While they were waiting for Pete to return, Mina unburdened her soul with Rachel about a family issue.  An aged district official from the Murrad Khani quarter of Kabul, where Mina’s family resided, wanted Mina’s pretty thirteen-year-old sister’s hand in marriage.  She would be his third wife, allowed by the Qur’an but unprecedented for someone of his stature.  (Mina, as a widower and with a barren womb, according to the vicious rumor mill, did not have to face such proposals.)  She feared for her younger sister, for the official wasn’t exactly distinguished for his kindness.  The man’s wives and female cousins had already started to negotiate a union with Mina’s parents.

“He’s a good man and his standing in the community would bring honor to the family.”

“Come now, Mina, it’s me you’re talking to.  What do you really think?  It’s okay.  You can tell me.  I  know you talk to your sisters and aunt about this.”

“He’s old…and ugly,” Mina responded sheepishly.

“Is there a way out of this situation?”

“It’s my mother’s decision to make.  It would help our family.”

“Yes, I know.  But I think he’s just a horny old man.  She’s just a child.  He'll probably beat her.”

“Don’t say such things, Rachel.  Please.”

“I'm sorry, Mina.  It just makes me angry.  I know it’s the culture.  I really do.  But what kind of man, especially an elder man, a grandfather, would marry a child?  We call this sort of thing pedophilia.”

Pete’s convoy pulled into the compound.  A hefty 50-year-old man with a sandy blond beard and a full head of hair to match hopped out of a Land Rover.  Men in blue and grey jumpsuits followed him to the security office.  Pete’s guards were mostly ex-soldiers from Peru or paramilitaries from Colombia, with the one exception being his “second,” Jimmy, a Fijian who once served in the British army and later became a professional wrestler.  Unlike TKG’s contract, Lighthorse Security, Protection and Investigations recruited no local Afghans.  This was yet another point of contention with Farid, though the company had its reasons for this policy.

“It’s a good day for a drive, eh?”  Pete’s Australian accent boomed over the din of the engines.  “Good weather.  Clear sky.  The gods are pleased.”

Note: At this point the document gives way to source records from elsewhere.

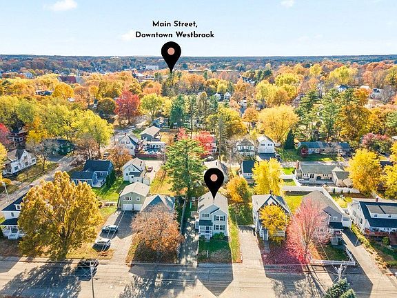 This charming 3-bedroom, 1.5-bath Colonial is nestled in a tree-lined neighborhood just moments from downtown Westbrook. The first floor offers an open layout filled with natural light, featuring hardwood floors throughout, a modern kitchen with stainless steel appliances, backsplash, and a center island. The dining area is accented by an elegant, warm chandelier, and the large living room is ideal for gathering around the TV or a good book. Upstairs, you'll find three bedrooms, including a primary bedroom with direct access to the shared full bath, and a convenient second-floor laundry. Enjoy the private backyard and patio—perfect for relaxing or entertaining on crisp fall evenings. A large, unfinished basement provides excellent storage, a workout area, or a future finished space.
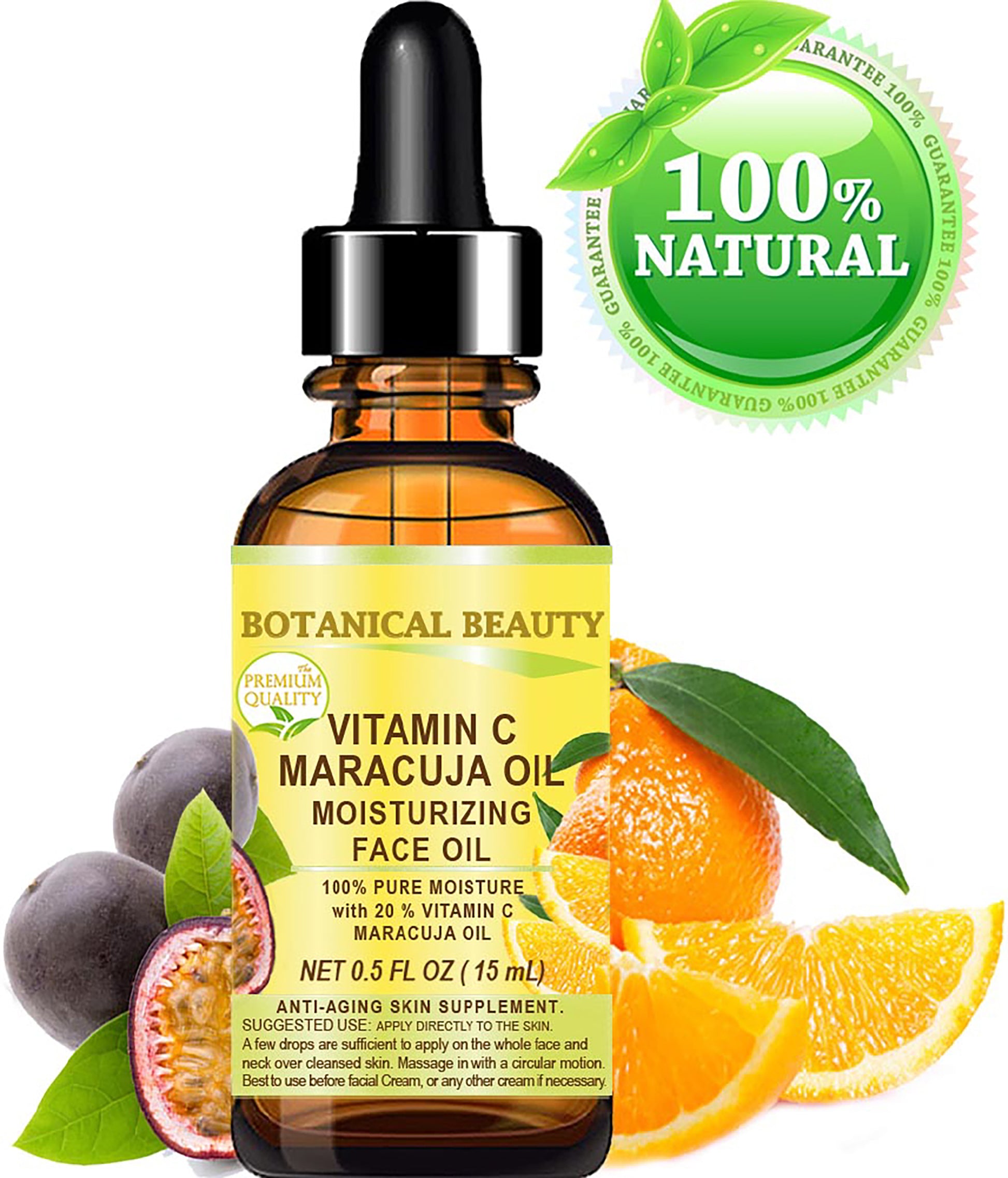 - El aceite facial de maracuyá con vitamina C al 20 % es uno de los mejores humectantes antienvejecimiento. No exfolia ni irrita la piel. No contiene conservantes. 100 % de garantía de satisfacción de Botanical Beauty.
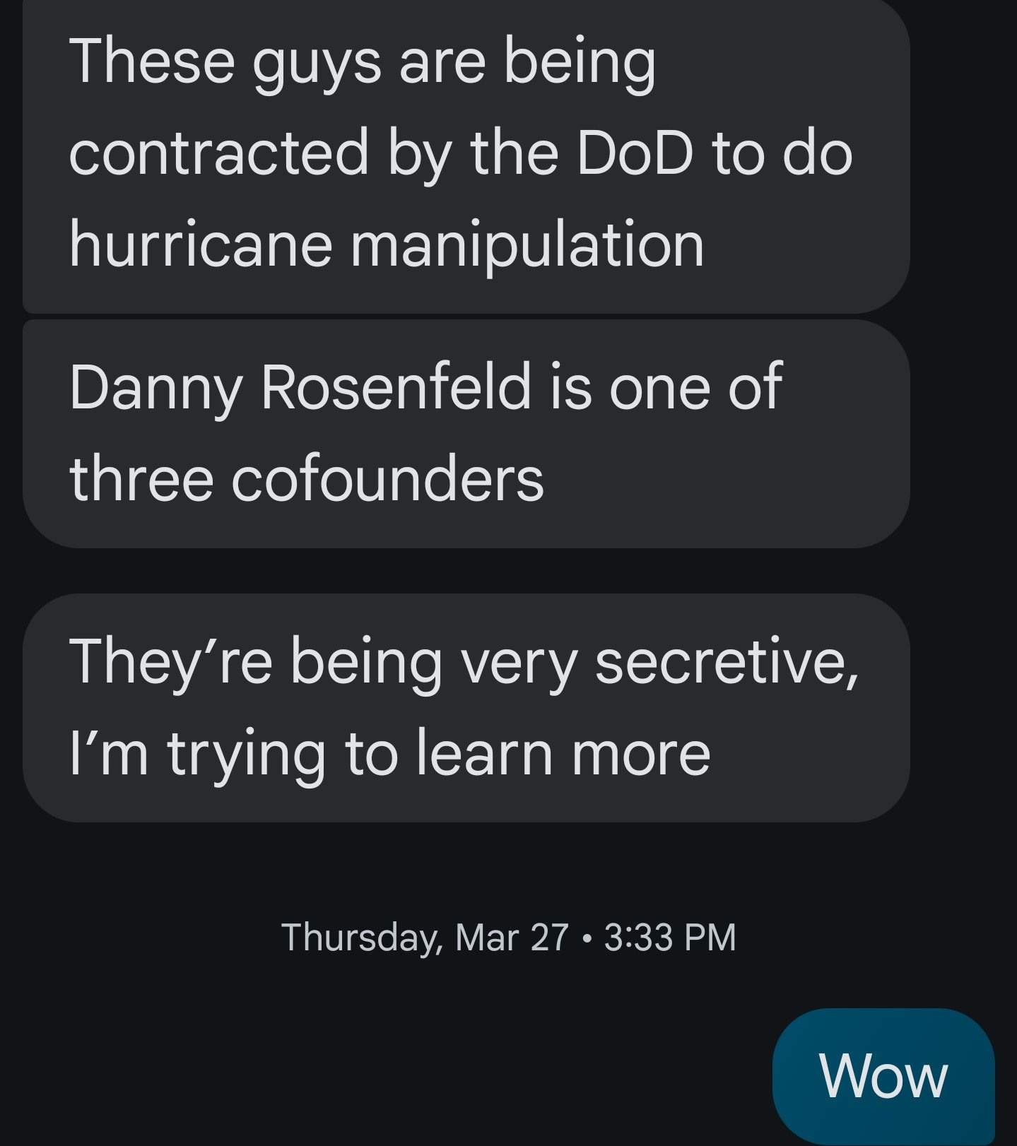 Is taming, turning, or destroying a hurricane a noble cause? Sure. Can the same technology be weaponized? Likely. Why would the Department of Defenses DIU be invested in an AI startup involving weather prediction and hurricane modification? The answer is obvious:

“We had some unexpected visitors not long ago,” Ed informed Pete.

“Yes, I heard.  Got Jimmy at the guard shack looking into it.  When we get back today, heads are going to roll.”  Pete didn't seem convincing in his response.  Rachel figured he was preoccupied with the business at hand: getting to Qalabeh and back safely.

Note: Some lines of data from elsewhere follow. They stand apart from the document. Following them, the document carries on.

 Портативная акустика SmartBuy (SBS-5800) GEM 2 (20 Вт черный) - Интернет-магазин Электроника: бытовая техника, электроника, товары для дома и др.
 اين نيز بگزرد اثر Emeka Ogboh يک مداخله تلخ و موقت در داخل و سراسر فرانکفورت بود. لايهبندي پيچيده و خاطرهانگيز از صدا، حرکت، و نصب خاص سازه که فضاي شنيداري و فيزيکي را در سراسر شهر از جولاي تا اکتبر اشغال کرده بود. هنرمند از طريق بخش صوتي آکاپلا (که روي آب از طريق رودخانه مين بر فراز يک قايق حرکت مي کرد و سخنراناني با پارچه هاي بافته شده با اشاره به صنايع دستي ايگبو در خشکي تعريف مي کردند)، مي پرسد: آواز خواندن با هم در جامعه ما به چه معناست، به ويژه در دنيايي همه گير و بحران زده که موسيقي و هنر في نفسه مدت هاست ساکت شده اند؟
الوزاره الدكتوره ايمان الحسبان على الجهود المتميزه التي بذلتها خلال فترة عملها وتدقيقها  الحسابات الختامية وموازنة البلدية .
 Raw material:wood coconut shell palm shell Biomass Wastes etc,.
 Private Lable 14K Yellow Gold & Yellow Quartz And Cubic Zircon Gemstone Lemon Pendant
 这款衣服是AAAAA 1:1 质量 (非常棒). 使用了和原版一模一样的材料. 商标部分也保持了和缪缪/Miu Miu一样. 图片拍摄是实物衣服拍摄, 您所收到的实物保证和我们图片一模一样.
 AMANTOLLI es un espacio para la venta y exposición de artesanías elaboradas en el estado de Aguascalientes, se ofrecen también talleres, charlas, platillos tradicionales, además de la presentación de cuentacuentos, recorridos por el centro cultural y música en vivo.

“Alright ladies, we’re ready to go!”

“Ladies?  Is that supposed to be flattery?”  Rachel liked playing off of Pete’s good nature.  He laughed heartily in return.

As he climbed into the lead vehicle, Pete inadvertently revealed a sidearm holster under his jacket.  Rachel had always wondered why a man who purportedly served in the Australian SAS and received high recognition for a commando operation in East Timor would walk around Afghanistan unarmed.  Now she knew that Pete was all about stealth.

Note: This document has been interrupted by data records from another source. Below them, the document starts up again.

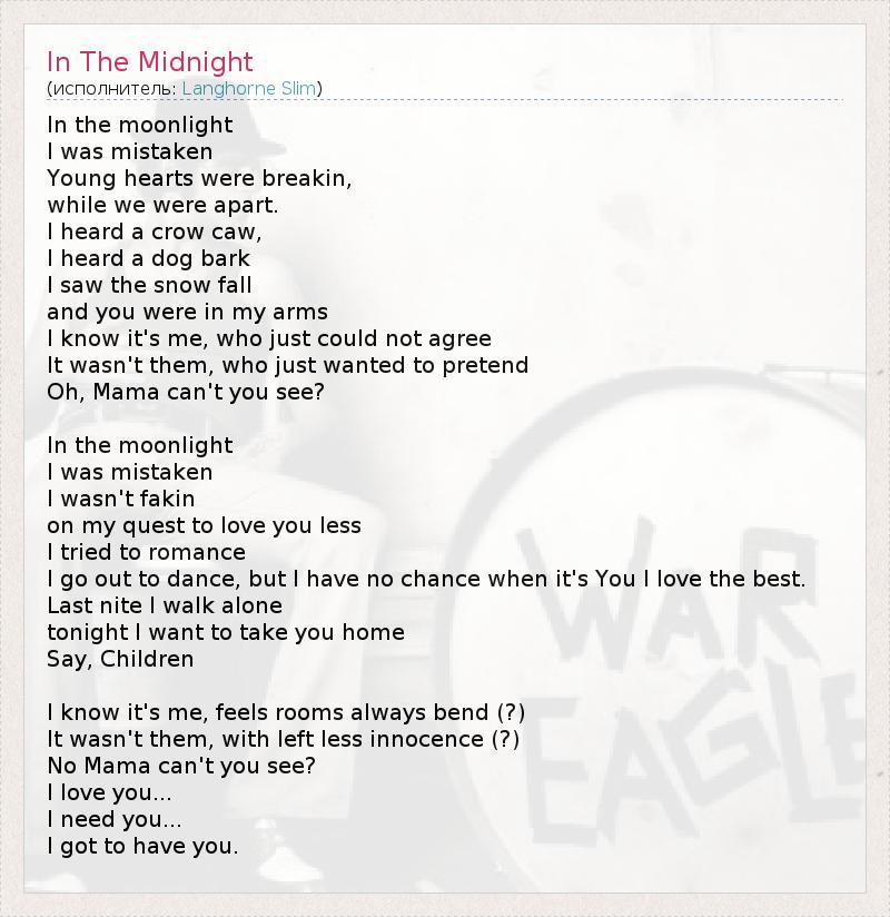 А как ты думаешь, о чем песня "In The Midnight" ?
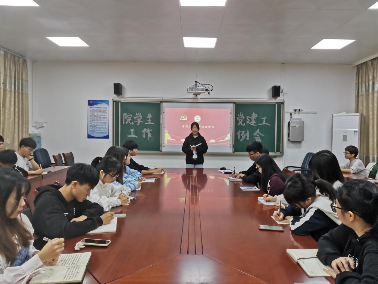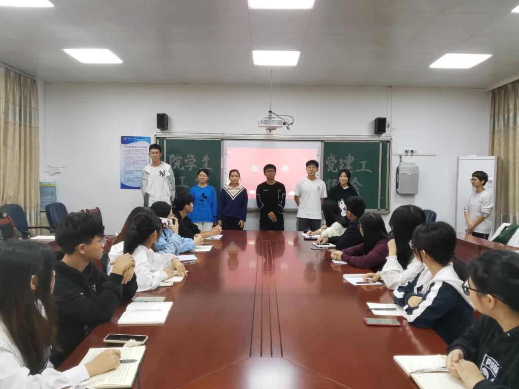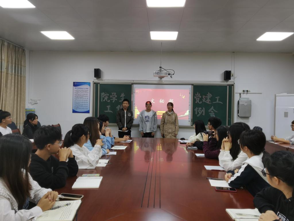 正职负责人龚心怡同样强调了学习和工作的重要性,此外,她还强调了,作为党建的干部要有大局观,对待工作要时刻保持激情,在工作中要“想干事,能干事,干成事”;新干要,要多问、多反思,利用党建这个平台提高自己的能力。并且介绍了入党流程,强调党建的干部应该了解入党的每一个流程,并积极向党组织靠拢,争取早日成为一名优秀的共产党员。
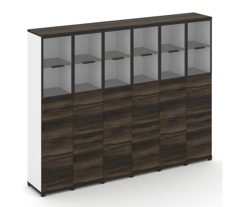 Concept Шкаф 6 узких секций, 5 ниш CN.STU-565 RPB B Дуб Мали/Белый Бриллиант/Металл Черный/Прозрачны
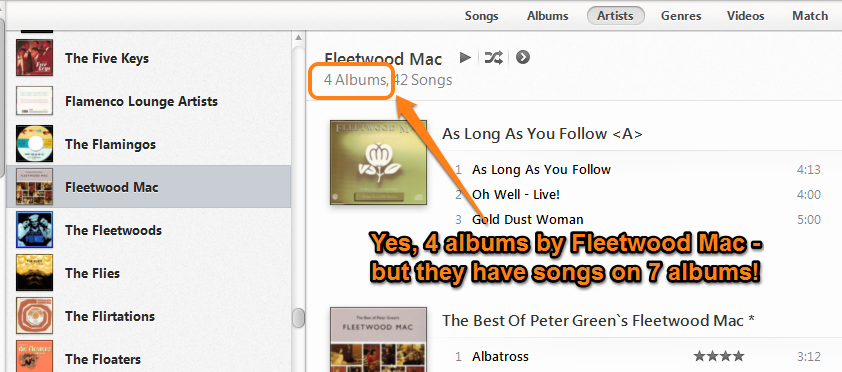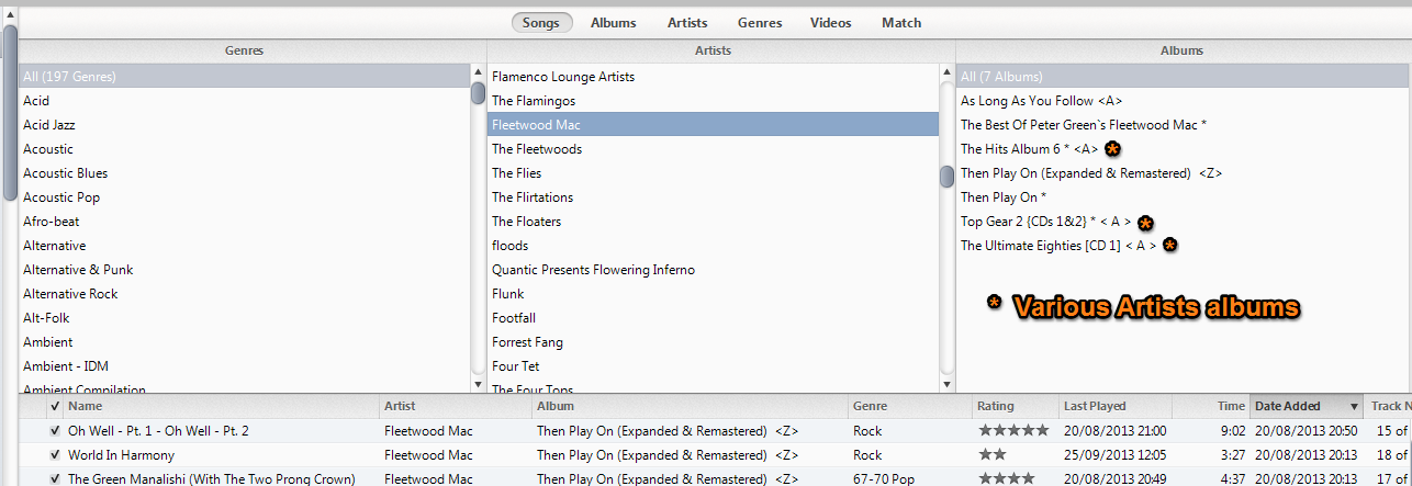 Until now, iTunes regarded a Compilation Album as one with multiple artists, but the music industry and consequently a lot of the entries on Gracenote regarded an album by a single artist - but with songs from various stages of their career - as a compilation. Looking at the Artist list in iTunes, there was no entry for "Various Artists", and albums were instead listed under "Compilations". This has meant for example, that not only was "Now XX listed under Compilations, but so too was "The Whole Story" by Kate Bush (a compilation of her earlier work). If that was the only album of hers in my Library, her name would not be listed in the Artists section. I also found it necessary to fill in the Album Artist field on Compilation albums with "Various Artist".
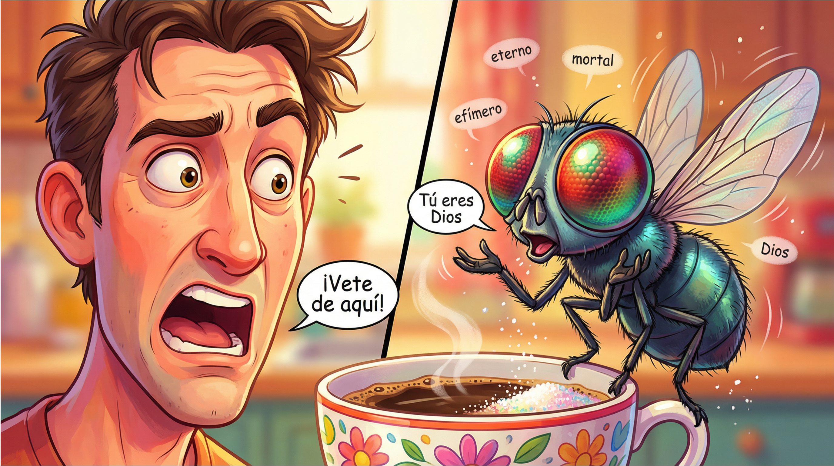 Zumbaba cerca, parecía un vuelo desesperado, con prisa, en unos aspavientos acelerados. Danzaba en el aire que respiraba, luego, la mosca se detuvo; aventurándose a comer el azúcar de la taza de café, en el borde floreado y albino. Me miró, diciendo: —Tú eres Dios. Tú eres eterno, lo puedes todo; yo soy perecedero, mortal y etéreo; navego en una realidad apresurada, por eso mi vuelo, por eso mi gesticulación volátil, por eso te molesto tanto. No me das vida, pero sí la quitas con tu propia mano. Tú eres mi Dios, el hombre es mi Dios. — ¡Vete de aquí! — Le dije — ¡Vete! Lánzate a gozar de tu vida, encontrarás en este tu universo pequeño, lo suficiente para tu existencia. Devora las semillas del segundo y no pierdas más tú tiempo. Baila sobre lo que pueda hacerte más feliz, pero no retes a tu Dios, no lo ofendas, no lo disgustes, pues encontrarás cortada tu existencia. Se alejó sin decir más, había dejado sujeta como grapa una enseñanza, ¿Le había dado aliento? ¿Qué hubiera pasado si le hubiera corregido que yo no soy ningún Dios, que era como ella: efímero, transitorio, vaporoso?

Even his appearance was deceptively banal.  Though he had gained weight since his military days, he retained muscular arms and legs.  Rachel came to see Pete’s  portly midsection, seasoned face, and jovial nature as a disguise to put locals at ease.  Like everyone else at the compound, he was a complex individual; whereas she had thought of Pete almost as a comic figure, she now could picture him blowing the head off an alligator in the Outback.  Later that evening, she would make the mistake of telling Carol about the pistol; the woman’s knee-jerk response was to whisper a phallic comment into Rachel's ear.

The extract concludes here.